While we saw the return of the dirty word (sale) as inevitable, the question is: Is it too late? Comps this quarter hit a yearly low of 31.7% while online sales plunged 34%. Conversion rates (-10%) and traffic (-17%) are not moving in the right direction. The bottom line is that JCP customers have headed for the exit and it might take a lot of begging to get them back. With gross margins already down more than 600 basis points (bps) this quarter, driving traffic back in the stores will not be inexpensive. Translation: big sales, even lower gross margins.

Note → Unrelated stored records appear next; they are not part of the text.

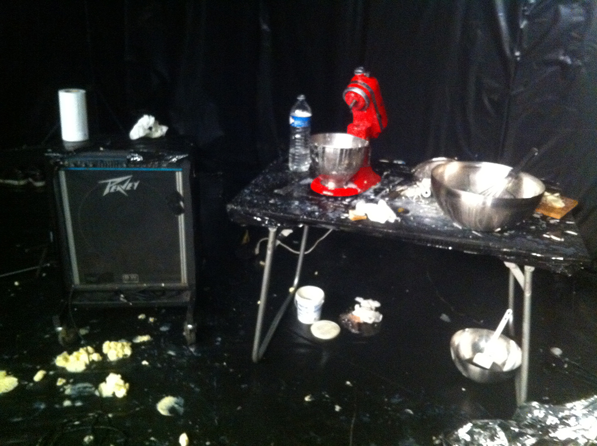 Dispositif : une table sonorisée sur laquelle est posé le matériel de cuisine ; le robot batteur est enfermé par une tour carrée de brique de beurre (250 gr) (11 X 6,5 X 3,5) soit 84 plaquettes
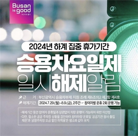 부산시가 집중 하계휴가 기간, 승용차요일제 참여자의 편의 제공을 위해 29일부터 8월 9일까지 승용차요일제를 일시 해제한다고 밝혔다.
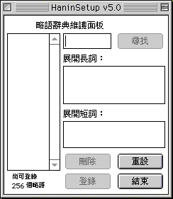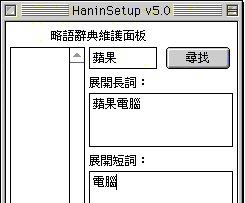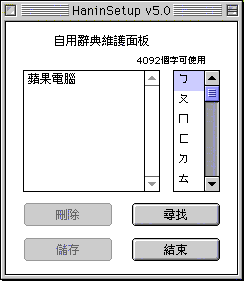 建立和使用專業辭典、自用辭典和略語辭典在“漢音輸入法”清單中選取“漢音設定”,輸入法便會顯示 HaninSetup v5.0 控制面板;您亦可利用對應的快速鍵指令,在鍵盤上按 Option-Shift-S 鍵,顯示 HaninSetup v5.0 控制面板(亦可從現用系統的“控制面板”檔案夾按兩下 HaninSetup v5.0 控制面板,顯示 HaninSetup v5.0 控制面板。)
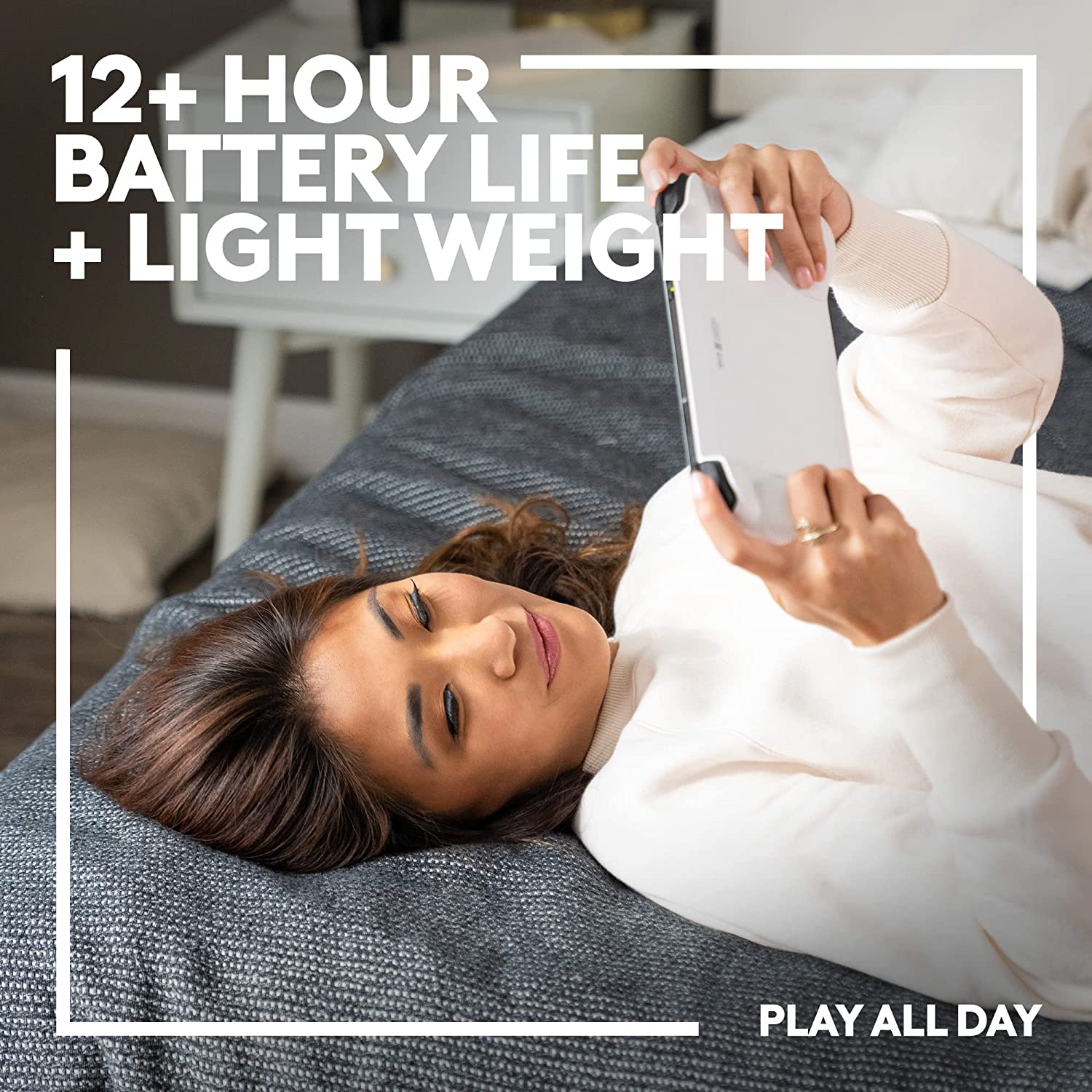 - Handheld: 12+ hour battery life (1) and ridiculously lightweight portable gaming system at 463 g you can comfortably play all day

While there are plenty of stats from the quarter to pick apart (which many people did on Twitter), the most interesting part of last night's conference call was not the long-awaited admission that the "no sales" strategy was a failure. Rather it was Johnson's complete reversal in willingness to give us reason to hope. Just two weeks ago, in a CNBC interview, Johnson suggested 2013 would be a year of return to growth. That statement gave me a flashback to when JCP issued guidance last year with resounding confidence. We all know how that worked out. Last night, when he was questioned about current business, Johnson told investors he does not want to be in the guidance business. He also went a step further. After elaborating on shop-in-shop performance last quarter, we learned no updates on shop-in-shop are coming until one year after opening.

With the worst comp of the year in our back pocket and no update on February (flat comps were floating around in the media), it is going to be a long wait.